Abstract 1318: Aging Inhibits The Apoptotic Resolution Of Inflammation Leading To An Exaggerated Neointimal Development In Response To Vascular Injury.
Objective: This study aims to determine the mechanisms by which aging prolongs inflammation in response to vascular injury, and exaggerate neointimal formation.

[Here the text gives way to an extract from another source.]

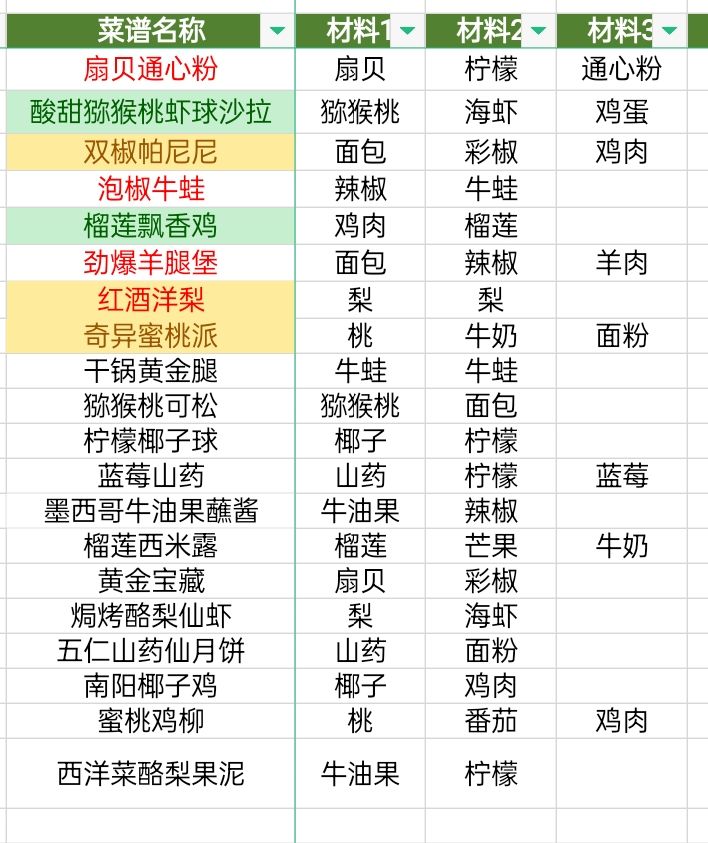 1、多种不同的料理组合,这些配方组合是不固定的,也就是游戏里玩家你可以将各种食材随意组合。

Methods and Results: Using balloon injury model in rat iliac arteries, we found that aging rats (22 month-old) developed thicker neointima at 4 weeks after injury than their younger counter parts (4 month-old) (I/M: 0.8 ± 0.2 vs. 0.54 ± 0.15, p<0.008). We also found that injured arteries in aging animals accumulated more alpha-actin positive VSMC in the neointima than those from the young ones (500 ± 100 vs. 320 ± 120 cell/mm2). Although similar number of macrophages (CD68+; detected by immunohistochemistry; IHC) appeared in the adventitia 24 h after injury in both groups, these cells disappeared in the young arteries after 3 days, while remained in the media and neointima of aging arteries until 30 days after injury. Macrophages in aging arteries were CD163 negative and IL-6 and IL-18 positive, indicating they are of pro-inflammatory phenotype. There were no differences in the number of vascular T cells and dendritic cells between groups. Vascular apoptotic cells were determined by ISOL combined with IHC either for VSMC or macrophages. Aging arteries had fewer apoptotic VSMC or macrophages (0.2% ± 0.05) at any time after vascular injury when compared with the younger ones which had abundant vascular apoptotic cells in the media and neointima at 7 days after surgery (2.7% ± 0.45). Finally, the vascular cytokines production was assessed after balloon injury using the LincoPlex system. At three days after injury aging arteries contained three folds or higher levels of IL18, IL-6, Gro KC, and Leptin than the young ones. These pro-inflammatory cytokines stayed elevated in the aging vessels for most of the arterial remodeling process. In contrast, when compared with aging arteries, young arteries produced three times or higher levels of anti-inflammatory cytokines IL-10, IL-17, IL13 and IL-9 at seven days after injury.
Conclusions: Our data suggests that aging inhibits the apoptotic resolution of the vascular inflammatory response to injury, leading to exaggerated neointimal formation.